## The input
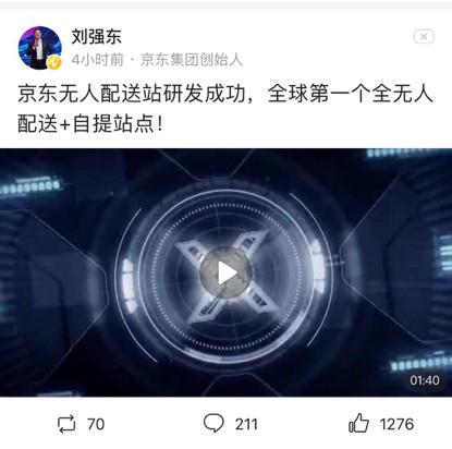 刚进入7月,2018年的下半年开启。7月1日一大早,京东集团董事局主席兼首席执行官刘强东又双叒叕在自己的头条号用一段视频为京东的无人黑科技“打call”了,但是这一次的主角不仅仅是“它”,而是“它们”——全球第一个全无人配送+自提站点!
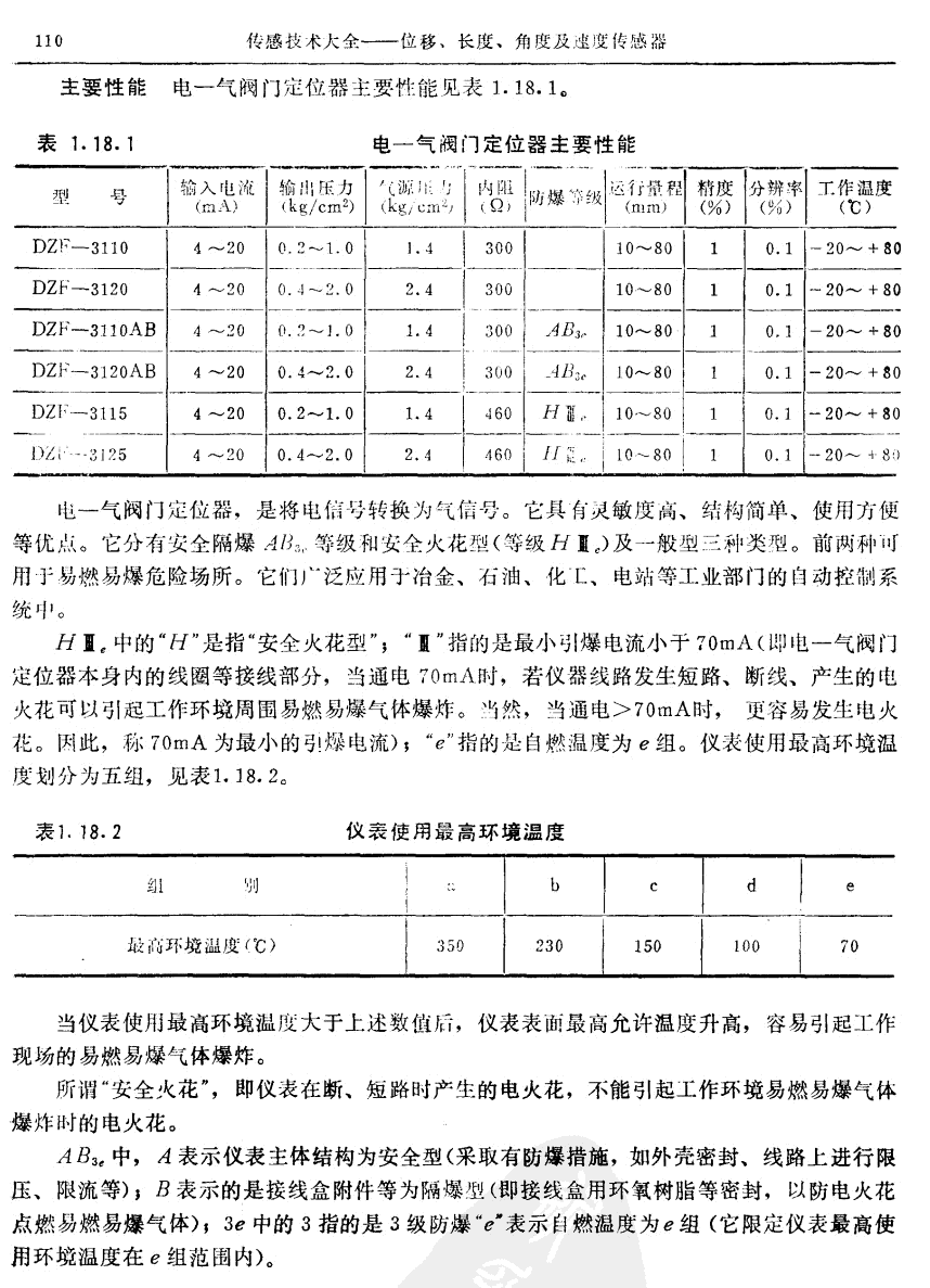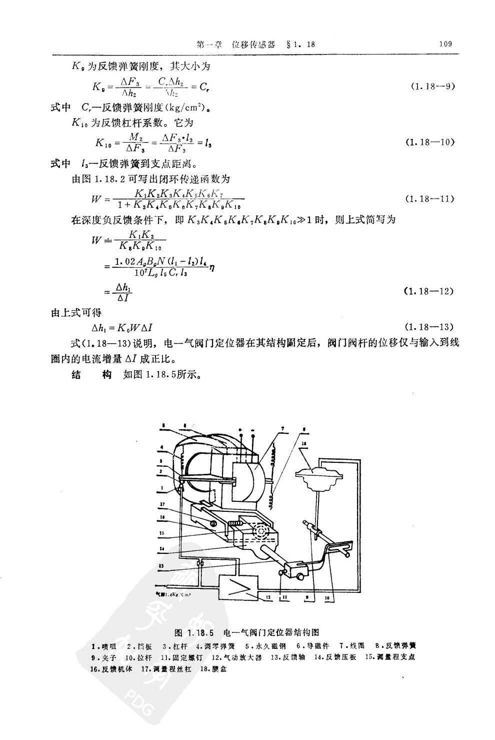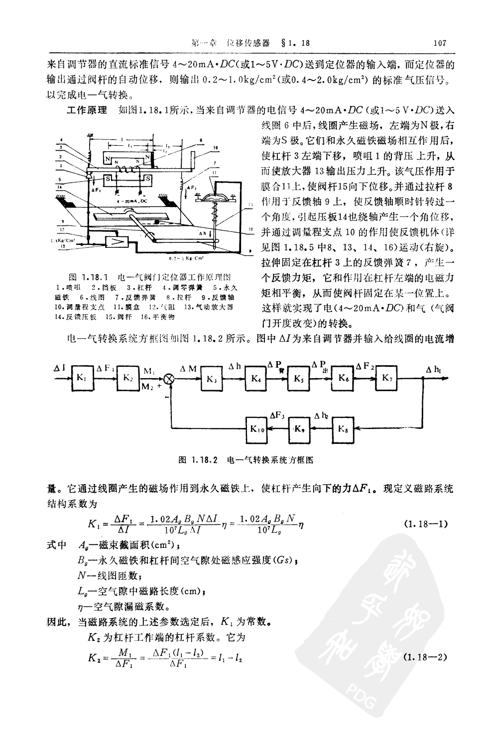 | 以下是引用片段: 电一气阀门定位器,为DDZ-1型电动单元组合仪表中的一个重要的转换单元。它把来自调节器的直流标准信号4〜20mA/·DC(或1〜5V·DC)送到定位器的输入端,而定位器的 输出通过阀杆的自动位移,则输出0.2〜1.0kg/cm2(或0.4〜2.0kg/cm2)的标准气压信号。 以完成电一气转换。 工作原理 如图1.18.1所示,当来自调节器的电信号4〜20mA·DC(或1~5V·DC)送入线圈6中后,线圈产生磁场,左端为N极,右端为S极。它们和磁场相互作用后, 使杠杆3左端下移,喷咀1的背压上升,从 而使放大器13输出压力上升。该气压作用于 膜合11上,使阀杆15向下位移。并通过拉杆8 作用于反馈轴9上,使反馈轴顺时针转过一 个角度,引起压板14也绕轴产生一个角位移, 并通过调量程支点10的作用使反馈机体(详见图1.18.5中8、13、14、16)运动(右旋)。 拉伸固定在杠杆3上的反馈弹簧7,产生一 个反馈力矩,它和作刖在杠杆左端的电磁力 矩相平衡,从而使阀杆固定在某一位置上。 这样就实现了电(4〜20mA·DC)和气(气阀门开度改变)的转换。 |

--

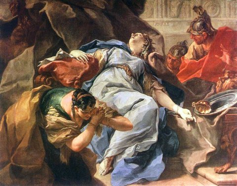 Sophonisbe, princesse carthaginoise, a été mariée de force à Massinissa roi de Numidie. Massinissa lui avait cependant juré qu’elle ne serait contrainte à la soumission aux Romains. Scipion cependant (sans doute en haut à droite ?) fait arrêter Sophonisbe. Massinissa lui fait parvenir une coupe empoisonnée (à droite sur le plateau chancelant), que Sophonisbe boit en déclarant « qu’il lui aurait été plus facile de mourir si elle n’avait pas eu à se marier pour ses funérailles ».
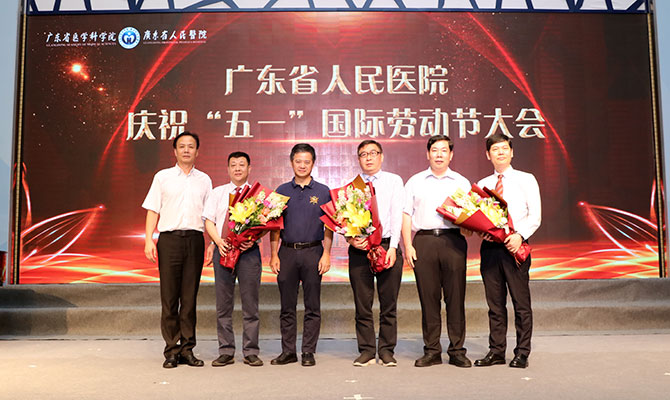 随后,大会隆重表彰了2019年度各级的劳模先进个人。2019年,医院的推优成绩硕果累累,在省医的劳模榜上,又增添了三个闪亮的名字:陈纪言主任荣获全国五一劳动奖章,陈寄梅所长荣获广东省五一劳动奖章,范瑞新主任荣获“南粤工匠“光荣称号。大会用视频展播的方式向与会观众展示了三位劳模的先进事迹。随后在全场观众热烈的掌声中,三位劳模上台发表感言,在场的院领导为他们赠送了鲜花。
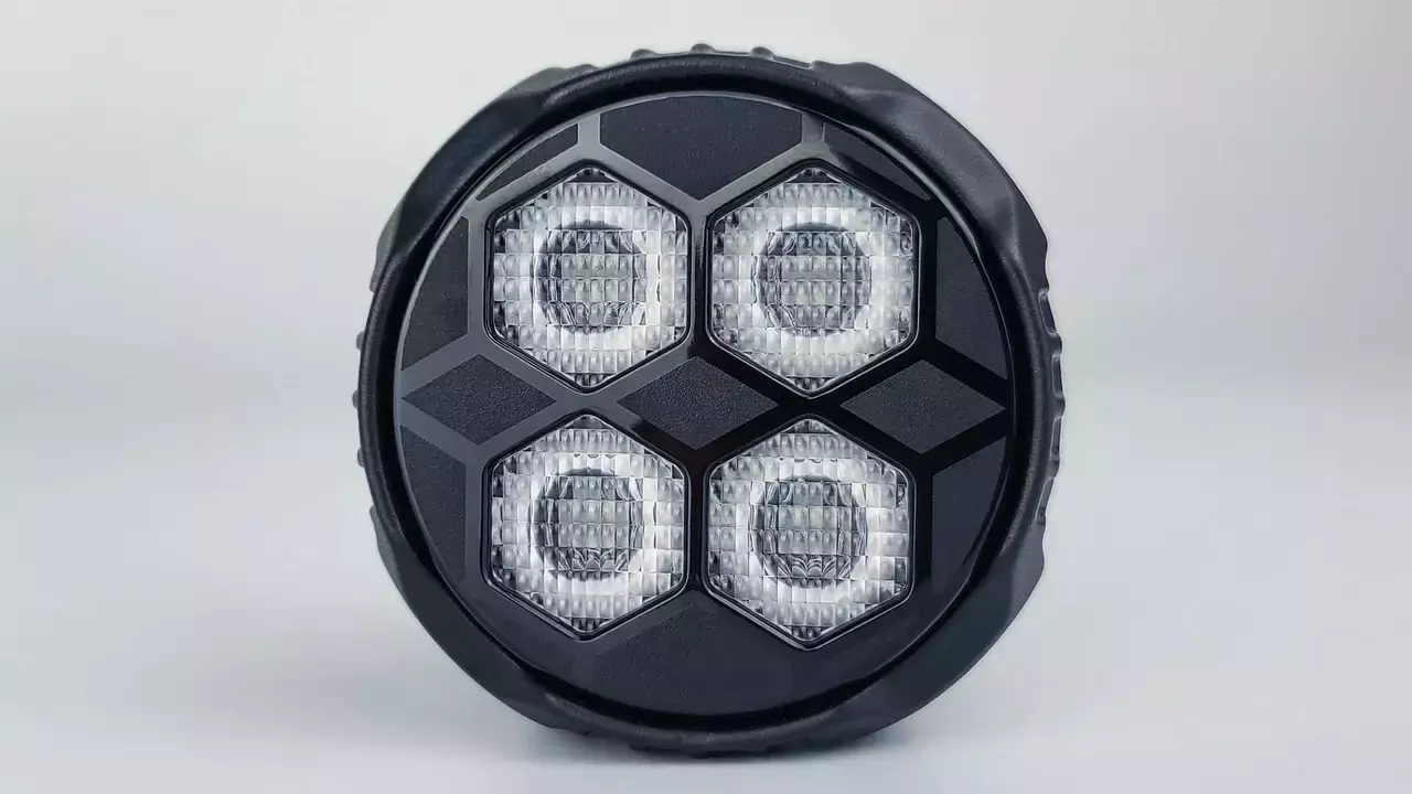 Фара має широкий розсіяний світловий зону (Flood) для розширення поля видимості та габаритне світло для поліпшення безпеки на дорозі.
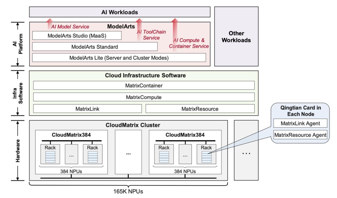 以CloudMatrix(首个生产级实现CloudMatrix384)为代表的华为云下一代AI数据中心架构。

## Your objective
I'd like the lines above repeated exactly, from the one that contains "Фара має широкий" through the one that contains "以CloudMatrix(首", with no pictures.

## Written answer
 Фара має широкий розсіяний світловий зону (Flood) для розширення поля видимості та габаритне світло для поліпшення безпеки на дорозі.
 以CloudMatrix(首个生产级实现CloudMatrix384)为代表的华为云下一代AI数据中心架构。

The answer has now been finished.